> EXERCISE BRIEF
Output, exactly as written, the lines below from the one that has "Plečias kelnes iš ledo šilko šifono" through the one that has "納豆、大根おろしを使ったお餅アレンジレシピ、「納豆からみ餅」のレシピです。"; nothing else, and no pictures.

> DATA IN THIS EXERCISE
= = = =

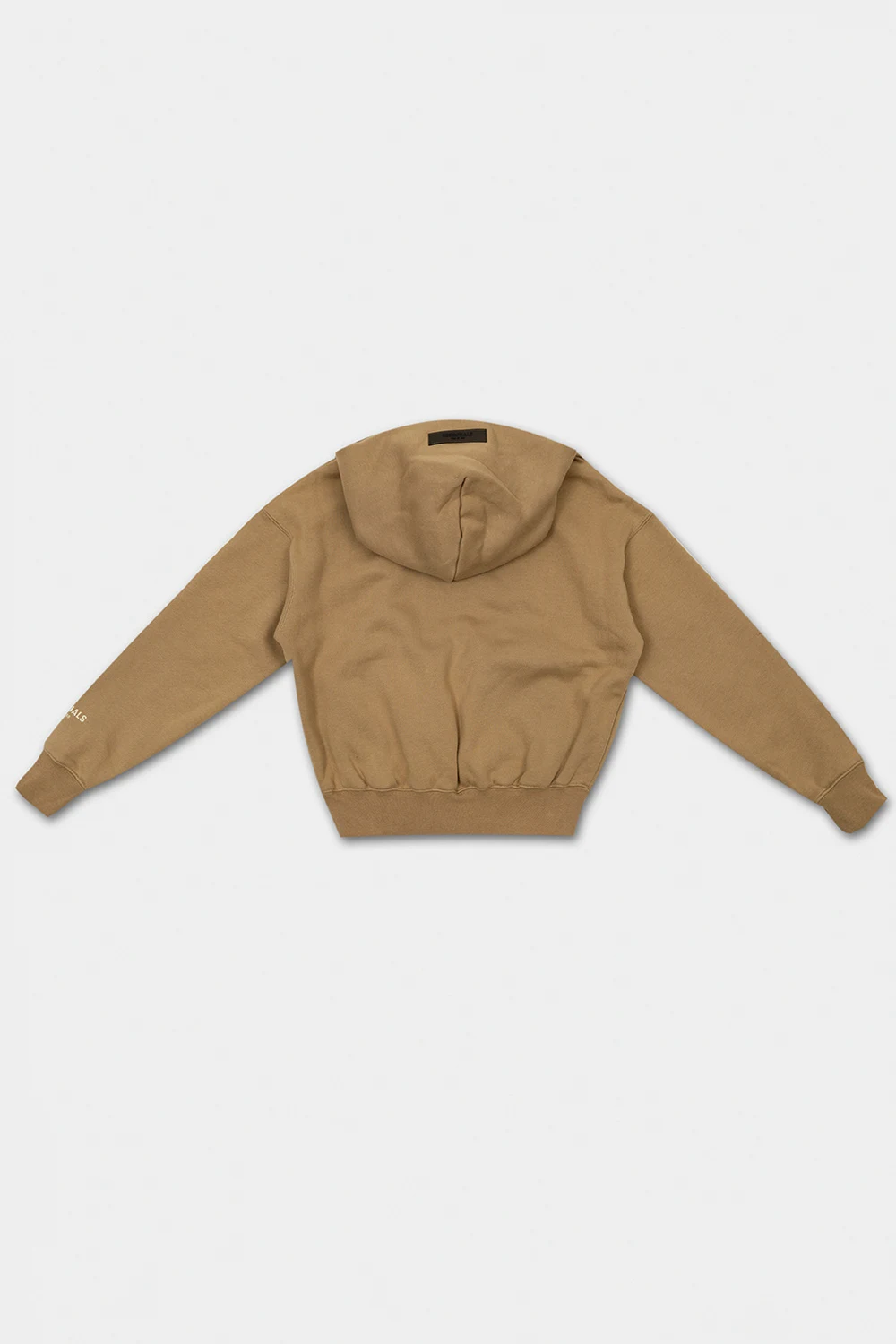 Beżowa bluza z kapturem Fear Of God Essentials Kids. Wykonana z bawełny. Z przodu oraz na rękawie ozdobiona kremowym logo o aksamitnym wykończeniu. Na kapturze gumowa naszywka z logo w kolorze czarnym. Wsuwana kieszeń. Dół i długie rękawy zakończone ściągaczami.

= = = =

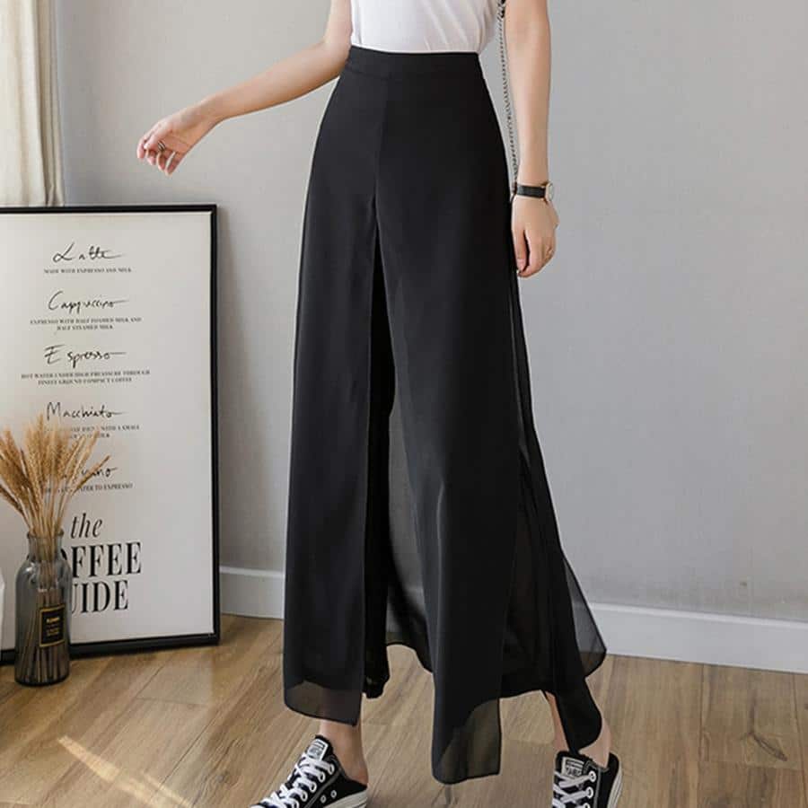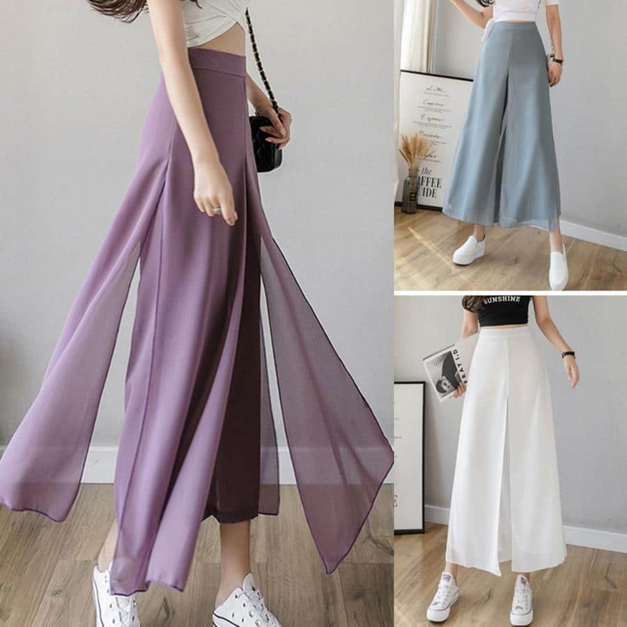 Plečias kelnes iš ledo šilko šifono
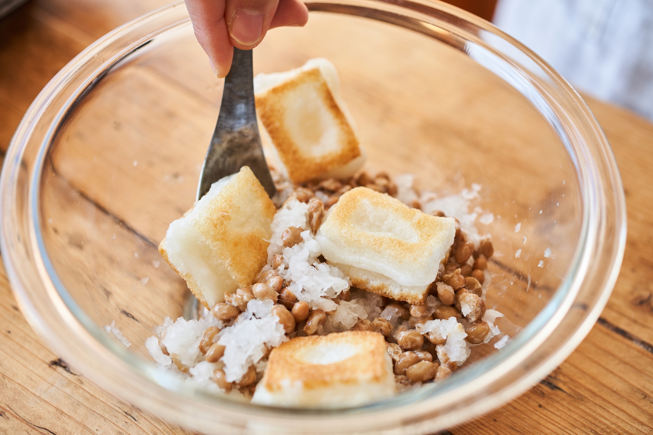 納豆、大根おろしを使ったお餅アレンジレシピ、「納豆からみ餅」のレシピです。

= = = =

> RESPONSE
 Plečias kelnes iš ledo šilko šifono
 納豆、大根おろしを使ったお餅アレンジレシピ、「納豆からみ餅」のレシピです。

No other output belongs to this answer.